=== Directions ===
Using the data below, print exactly the line with "Quieter was assembled", the line with "Umgee White Floral", and every line between them, but none of the pictures.

=== Data for review ===
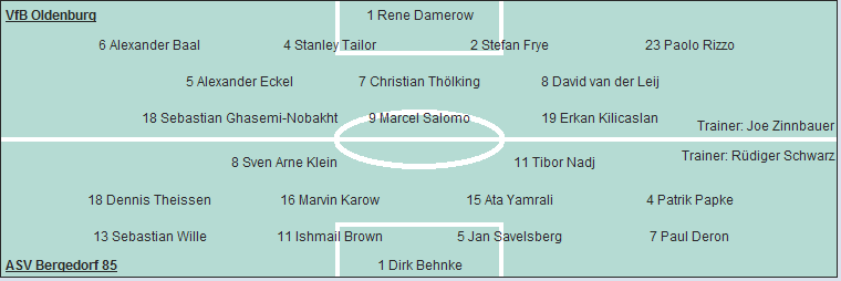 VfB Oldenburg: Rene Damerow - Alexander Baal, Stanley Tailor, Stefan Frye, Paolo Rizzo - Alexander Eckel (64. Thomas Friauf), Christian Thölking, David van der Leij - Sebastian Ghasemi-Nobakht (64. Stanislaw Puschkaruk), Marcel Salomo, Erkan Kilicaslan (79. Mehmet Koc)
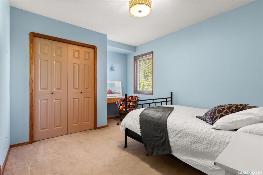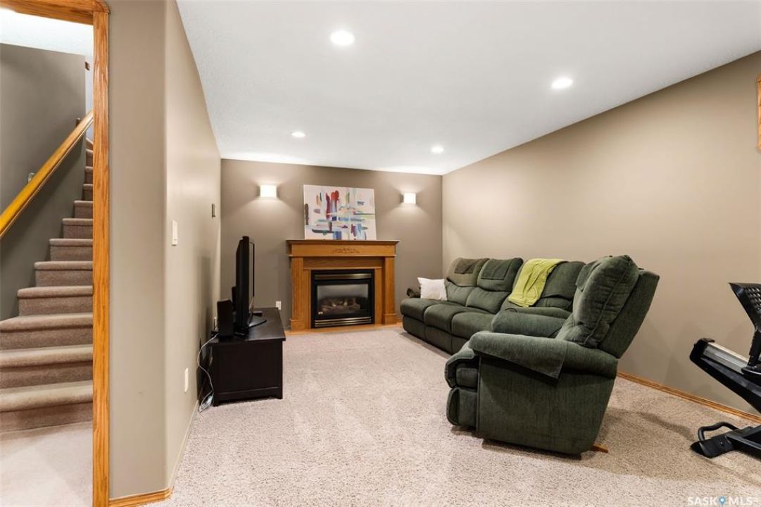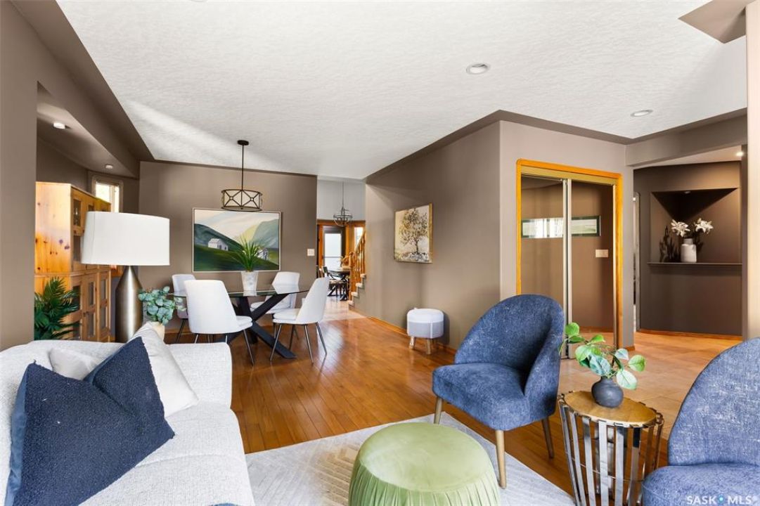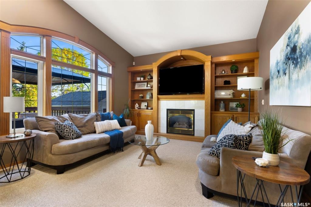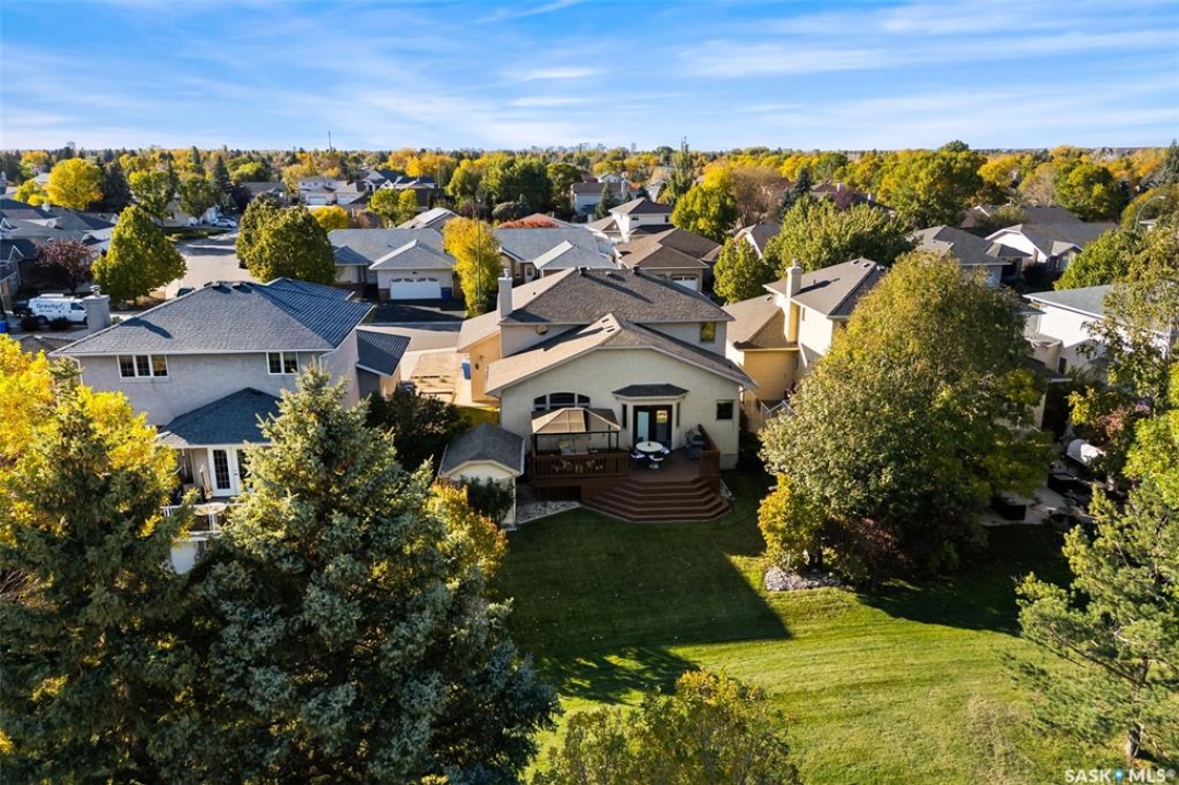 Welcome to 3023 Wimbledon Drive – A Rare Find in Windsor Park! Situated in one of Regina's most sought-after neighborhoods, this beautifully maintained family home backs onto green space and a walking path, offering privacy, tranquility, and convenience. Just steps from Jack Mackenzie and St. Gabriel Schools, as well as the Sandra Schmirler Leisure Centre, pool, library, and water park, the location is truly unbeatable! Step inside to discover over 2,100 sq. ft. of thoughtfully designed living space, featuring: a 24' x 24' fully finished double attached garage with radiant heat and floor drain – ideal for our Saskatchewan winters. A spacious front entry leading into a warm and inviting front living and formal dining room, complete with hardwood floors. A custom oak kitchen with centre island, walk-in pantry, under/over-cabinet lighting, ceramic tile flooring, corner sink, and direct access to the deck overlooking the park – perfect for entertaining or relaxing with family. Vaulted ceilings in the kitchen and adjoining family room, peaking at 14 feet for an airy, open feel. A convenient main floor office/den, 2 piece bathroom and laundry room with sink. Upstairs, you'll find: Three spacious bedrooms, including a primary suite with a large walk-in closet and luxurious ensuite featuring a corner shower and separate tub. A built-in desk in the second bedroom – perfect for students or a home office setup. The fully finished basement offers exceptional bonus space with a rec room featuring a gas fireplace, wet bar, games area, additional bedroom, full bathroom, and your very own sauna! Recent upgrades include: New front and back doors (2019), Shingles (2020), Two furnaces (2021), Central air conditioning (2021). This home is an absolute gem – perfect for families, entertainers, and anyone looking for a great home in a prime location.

---

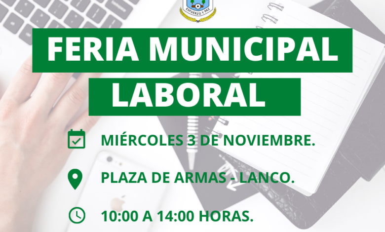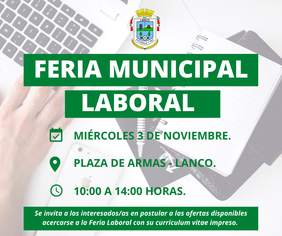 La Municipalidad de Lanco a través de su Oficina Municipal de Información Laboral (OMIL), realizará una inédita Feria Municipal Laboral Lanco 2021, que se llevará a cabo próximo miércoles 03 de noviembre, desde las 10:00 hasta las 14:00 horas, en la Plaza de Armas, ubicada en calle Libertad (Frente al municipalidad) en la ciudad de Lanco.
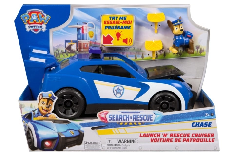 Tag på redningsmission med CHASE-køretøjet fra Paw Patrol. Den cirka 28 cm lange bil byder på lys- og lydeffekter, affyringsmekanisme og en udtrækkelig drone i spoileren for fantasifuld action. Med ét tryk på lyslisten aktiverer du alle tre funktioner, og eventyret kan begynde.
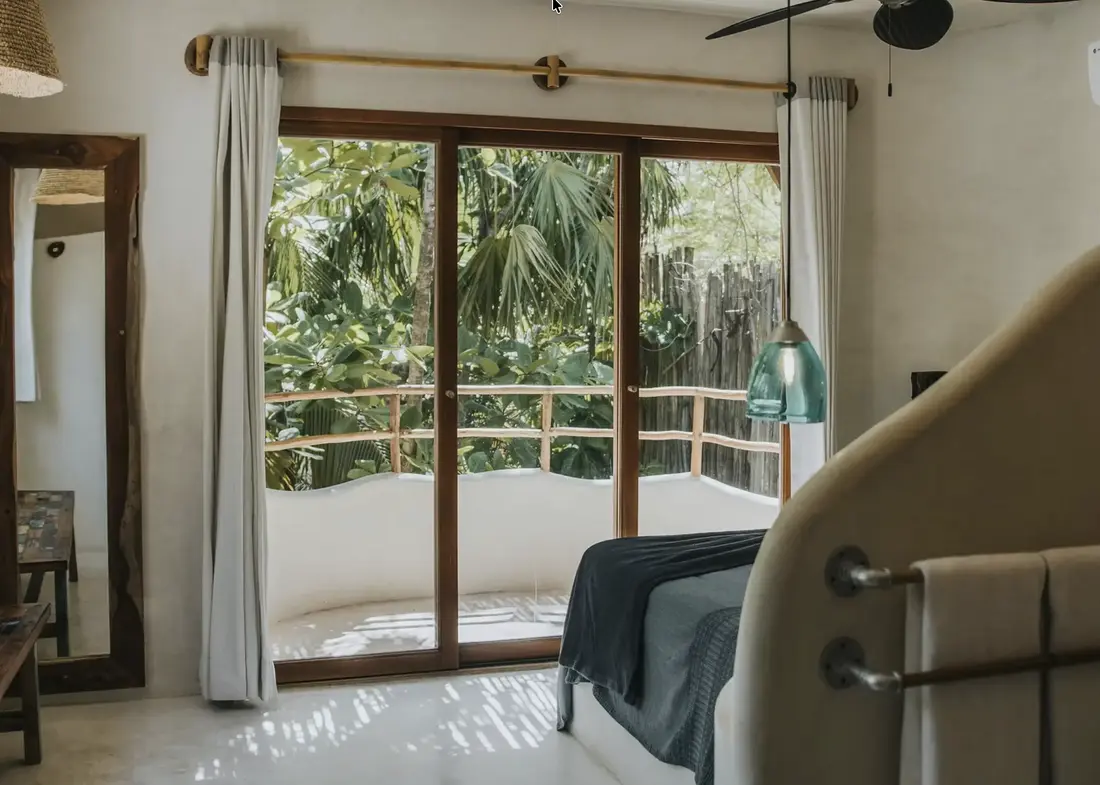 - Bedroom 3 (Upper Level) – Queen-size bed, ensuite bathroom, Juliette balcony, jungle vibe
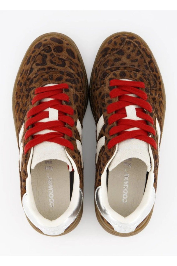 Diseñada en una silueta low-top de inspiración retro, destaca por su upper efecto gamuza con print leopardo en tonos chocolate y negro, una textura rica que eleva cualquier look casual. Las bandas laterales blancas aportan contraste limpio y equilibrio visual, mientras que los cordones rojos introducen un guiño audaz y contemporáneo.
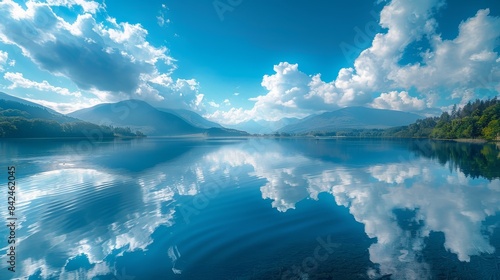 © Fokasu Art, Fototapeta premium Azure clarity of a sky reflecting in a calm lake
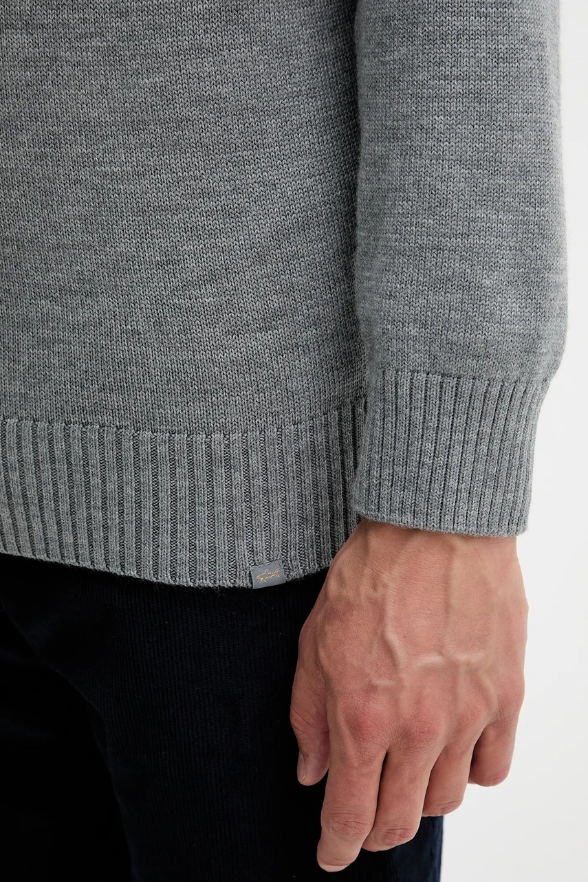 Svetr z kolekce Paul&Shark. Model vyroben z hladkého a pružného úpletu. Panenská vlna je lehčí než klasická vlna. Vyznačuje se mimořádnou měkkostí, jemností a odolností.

---

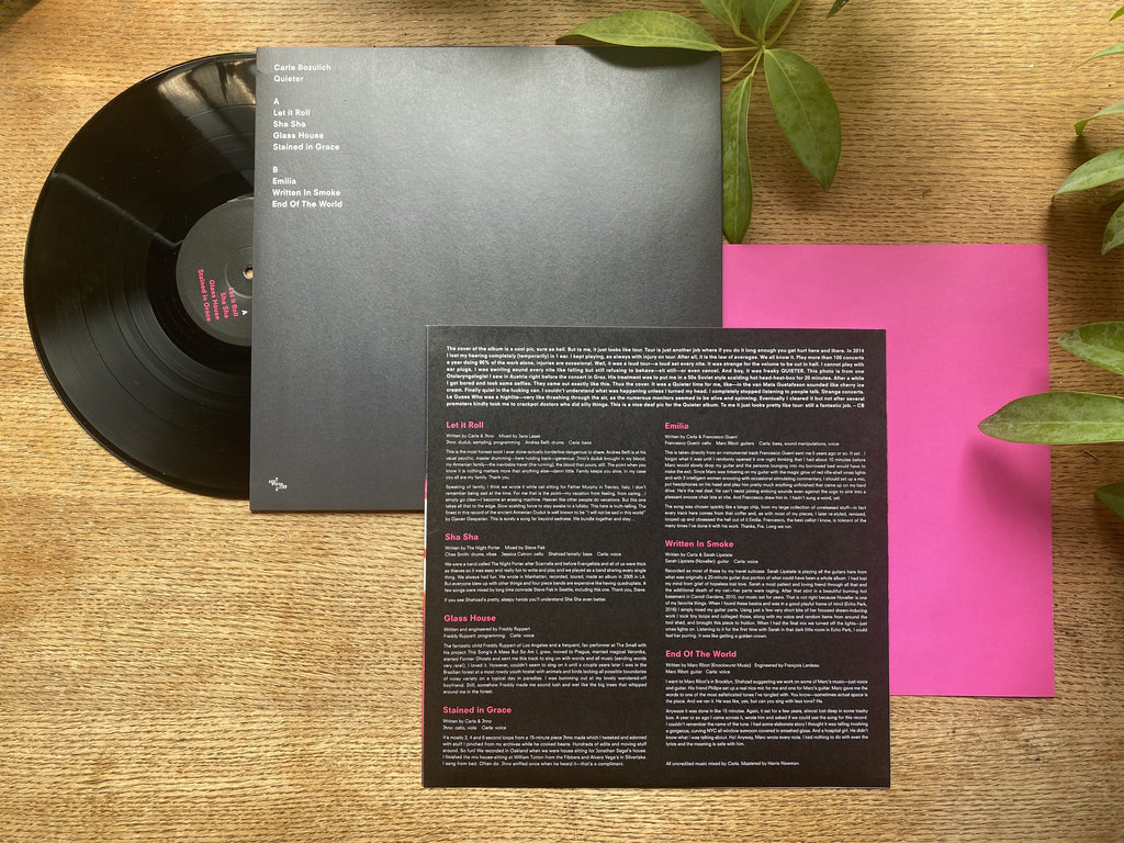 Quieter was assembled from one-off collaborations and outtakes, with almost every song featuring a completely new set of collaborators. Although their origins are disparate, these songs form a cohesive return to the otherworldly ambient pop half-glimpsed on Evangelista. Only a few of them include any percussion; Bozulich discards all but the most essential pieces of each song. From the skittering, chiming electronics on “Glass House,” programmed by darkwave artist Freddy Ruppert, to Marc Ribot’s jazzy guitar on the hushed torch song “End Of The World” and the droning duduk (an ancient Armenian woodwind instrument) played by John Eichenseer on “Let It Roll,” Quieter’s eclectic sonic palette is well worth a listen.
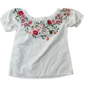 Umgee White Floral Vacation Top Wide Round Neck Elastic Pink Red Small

=== Solution for this exercise ===
 Quieter was assembled from one-off collaborations and outtakes, with almost every song featuring a completely new set of collaborators. Although their origins are disparate, these songs form a cohesive return to the otherworldly ambient pop half-glimpsed on Evangelista. Only a few of them include any percussion; Bozulich discards all but the most essential pieces of each song. From the skittering, chiming electronics on “Glass House,” programmed by darkwave artist Freddy Ruppert, to Marc Ribot’s jazzy guitar on the hushed torch song “End Of The World” and the droning duduk (an ancient Armenian woodwind instrument) played by John Eichenseer on “Let It Roll,” Quieter’s eclectic sonic palette is well worth a listen.
 Umgee White Floral Vacation Top Wide Round Neck Elastic Pink Red Small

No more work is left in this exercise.